What is being asked: Pictures are to be excluded. Please print only the lines from the one containing "कर्जत पोलीस ठाणे" through the end of the data, exactly as they appear.

START Source data

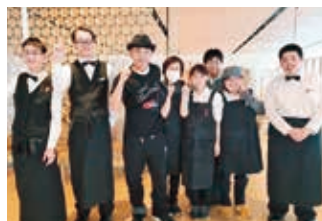
▼博愛大学校どりーむ 介護科開講式
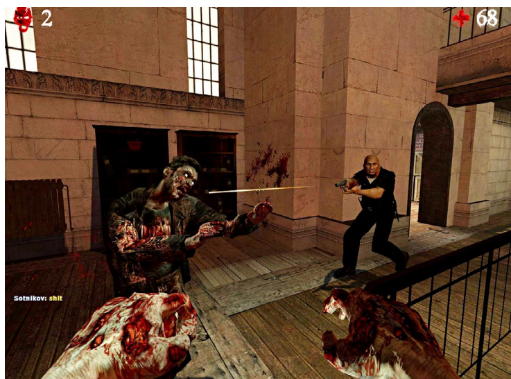
Zu den beiden Menschen-Spielfiguren (Rocker und Polizist) gibt es passende Zombiemodelle .

Flucht mit einer U-Bahn. Dazu müssen die Menschen nacheinander mehrere Aufgaben erfüllen: in Abschnitt A ein Tor öffnen, in Abschnitt B einen Generator anschalten und so weiter, bis der Zug schließlich fahrbereit ist. Anschließend flüchten sich alle Überlebenden innerhalb eines Zeitlimits in die U-Bahn, um zu gewinnen. Hier wird Zombie Panic richtig spannend, auch wenn die Mod an einigen Stellen noch unfertig wirkt. Die Kollisionsabfrage bei den Nahkampfattacken ist ein wenig ungenau, und die Sprints der Zombies sind ziemlich lahm – wir hätten uns einen Sprungangriff wie in Alien versus Predator 2 oder eben Left 4 Dead gewünscht. Bis das im Herbst erscheint, können Sie sich jedoch mit Zombie Panic jetzt schon in Stimmung bringen. FAB
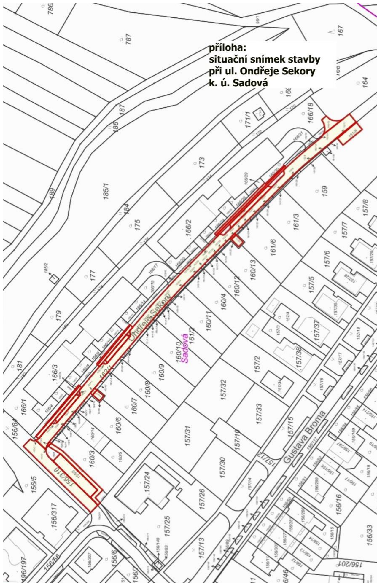
příloha: situační snímek stavby při ul. Ondřeje Sekory k. ú. Sadová
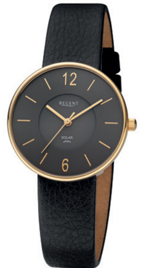
BA-720 Edelstahl IPG, 3 Bar UVP 148,00 €
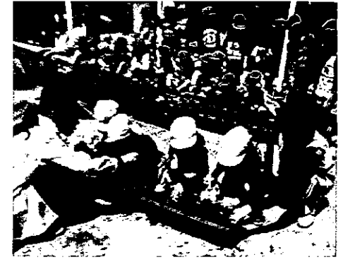
H25 春期緑化運動 伊勢市立保育所ゆりかご園
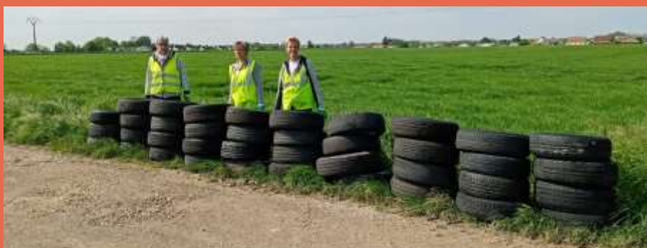
Matinée Environnement 37 pneus ramassés en bordure de la RN44 !
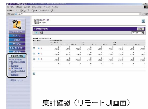
集計確認（リモートUI画面）
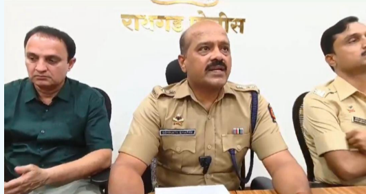
दैनिक आपला विदर्भ

कर्जत पोलीस ठाणे हद्दीत बनावट सिगारेट तयार करणाऱ्या फार्म हाऊसवर धाड
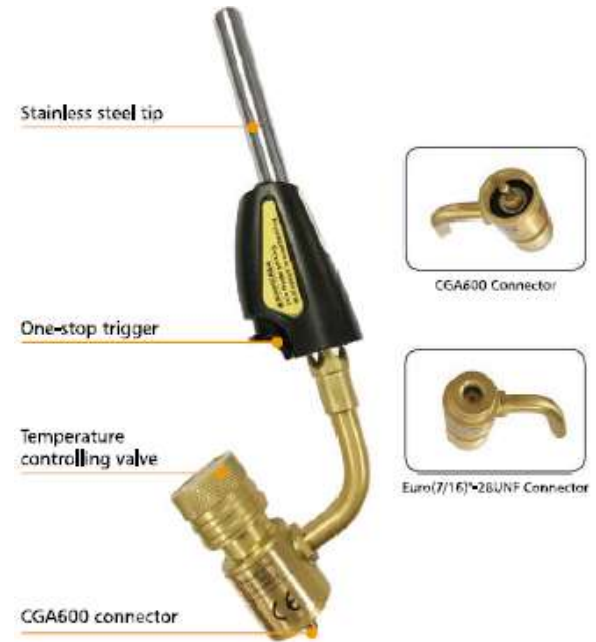
ZR-15 SOPLETE ENC. AUTOMATICO BOQUILLA DESMONTAB.
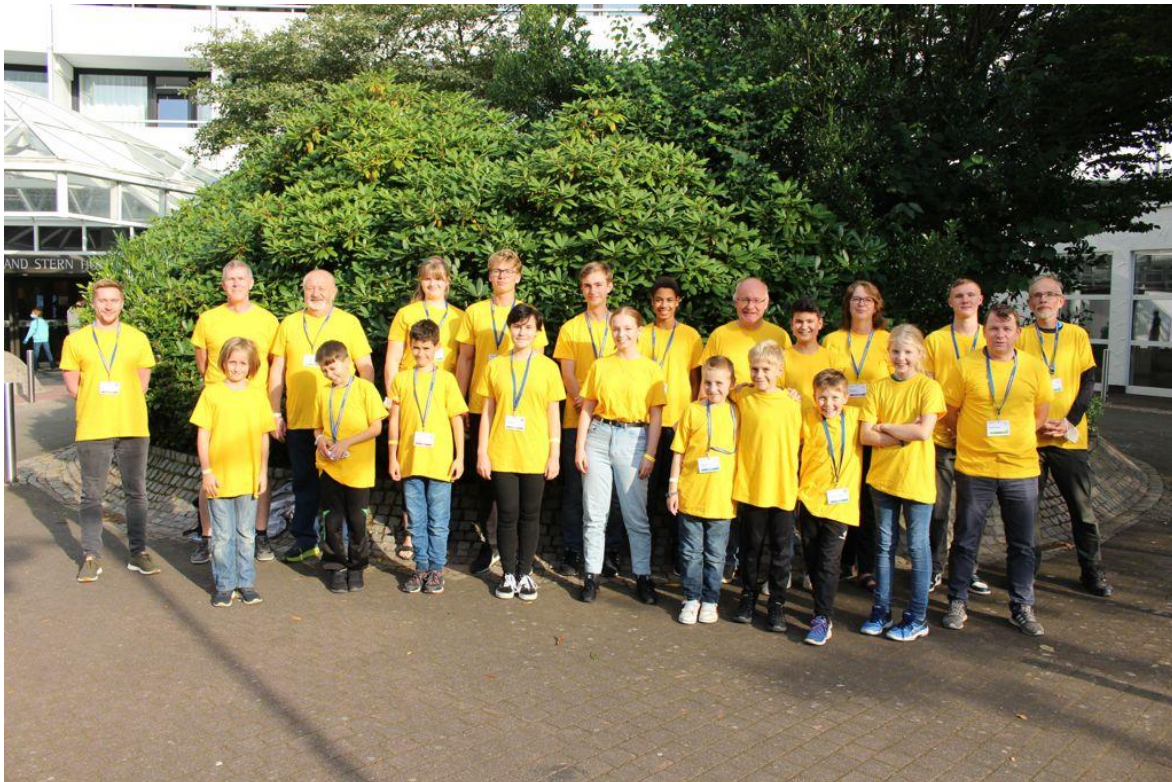
Die Brandenburger Delegation

Unser erstes Team gewinnt am grünen Tisch, weil der SC Havelland den Spieltag abgesagt hat. Durch dieses 8 zu 0 und die gleichzeitige Niederlage der Preußen aus Frankfurt gelingt doch tatsächlich noch der Sprung auf den dritten Tabellenrang. Damit hat man sehr lange gegen den Abstieg gespielt, um am Ende doch noch das Treppchen zu erreichen. Starke Leistung vom gesamten Team, auch wenn man diese Saison wohl kaum ansatzweise ernst nehmen kann.

END Source data

Answer to the problem:
कर्जत पोलीस ठाणे हद्दीत बनावट सिगारेट तयार करणाऱ्या फार्म हाऊसवर धाड
ZR-15 SOPLETE ENC. AUTOMATICO BOQUILLA DESMONTAB.
Die Brandenburger Delegation

Unser erstes Team gewinnt am grünen Tisch, weil der SC Havelland den Spieltag abgesagt hat. Durch dieses 8 zu 0 und die gleichzeitige Niederlage der Preußen aus Frankfurt gelingt doch tatsächlich noch der Sprung auf den dritten Tabellenrang. Damit hat man sehr lange gegen den Abstieg gespielt, um am Ende doch noch das Treppchen zu erreichen. Starke Leistung vom gesamten Team, auch wenn man diese Saison wohl kaum ansatzweise ernst nehmen kann.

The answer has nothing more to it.